No, in fact the RTF code produced by the text engine is quite economical by most standards.
If you examine what gets inserted there, you’ll find it is just a bunch of non-breaking spaces with underline formatting. In essence, no more complex than an equivalent amount of alphabetic characters set to underscore, where it comes to bytes in the file.
What I would do is open a copy of the RTF file in a plain-text coding editor. If you don’t have one, enable Display RTF files as RTF code instead of formatted text in TextEdit’s “Open and Save” preferences, then load the file. Scroll through this, and I bet you’ll come across tons of gibberish at some point. Make note of where the gibberish starts in terms of the content you can read, and then load the file normally. Somewhere near that point, you must have an image—maybe a big one that got resized down so tiny you can’t even see it. Selecting the region and retyping it may solve a problem like that.

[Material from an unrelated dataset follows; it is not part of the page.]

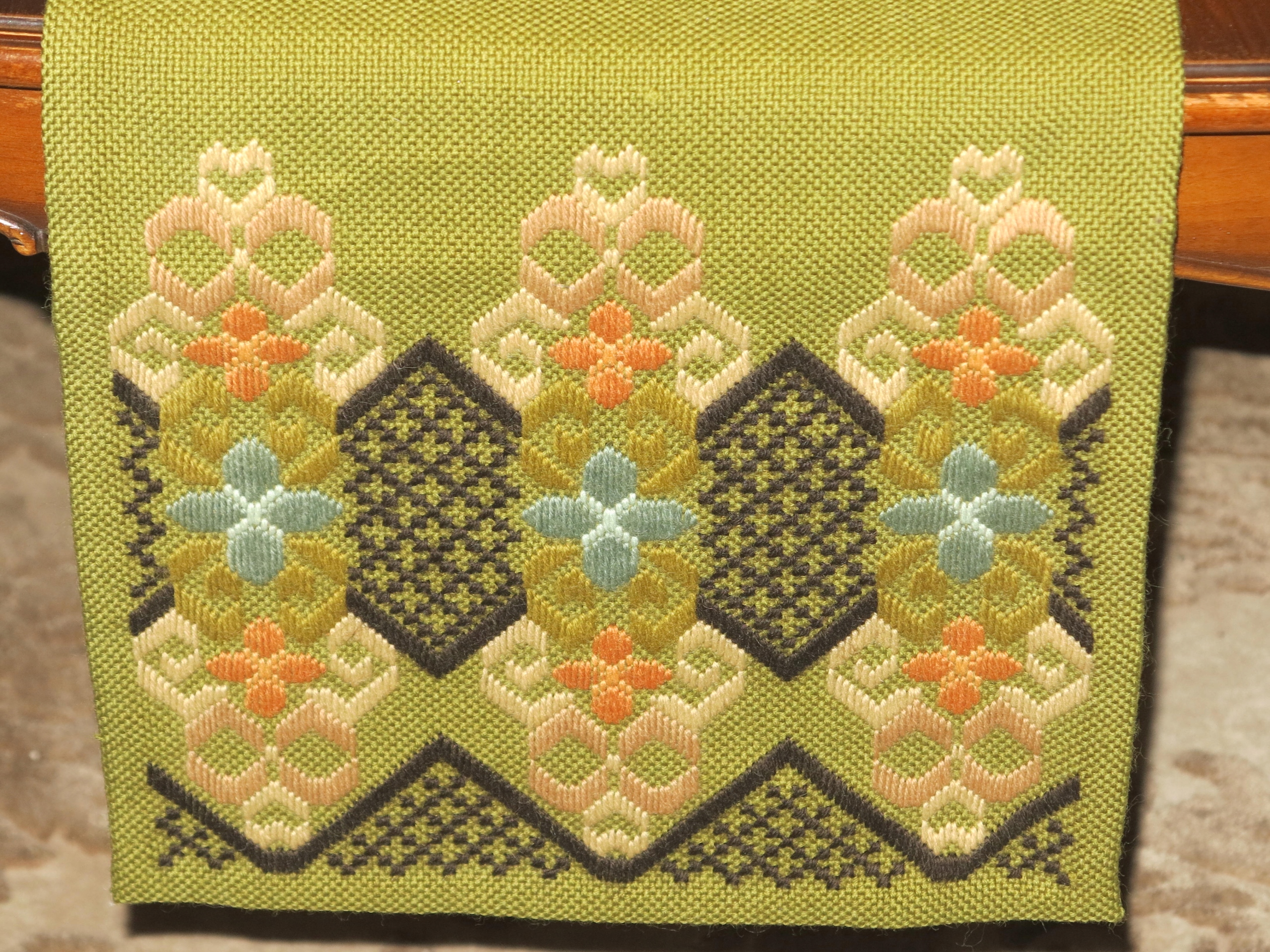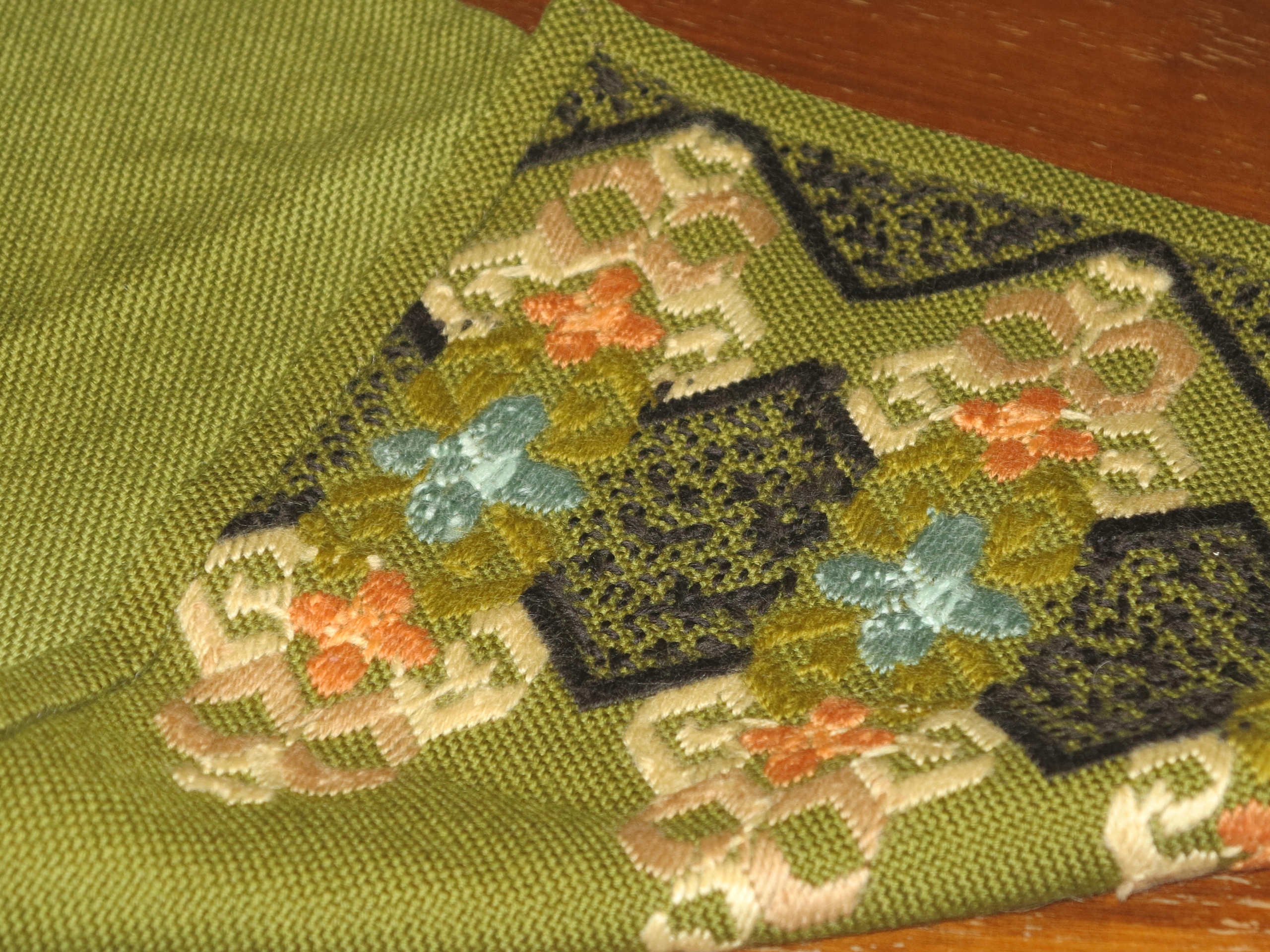Красивый, народный сервис для комода с богатой вышивкой шерстяной вышивки. Цвет травянистой зелени

Thanks. That list bit about using TextEdit to evaluate the file’s inner workings revealed that indeed there was an image attached. And turns out the image showed up when I viewed it as part of a Scrivener project, but it didn’t show up when I extracted the file and viewed the RTF as I described in my original post.
However I removed the image and got it down from 3+MB to less than 25KB.
Lesson learned when haphazardly pasting images into documents. Thanks again.
Okay, some RTF editors (TextEdit is one) will not show inline images, that’s probably what happened. If had exported the file as RTFD from Scrivener, that would have shown the image in TextEdit.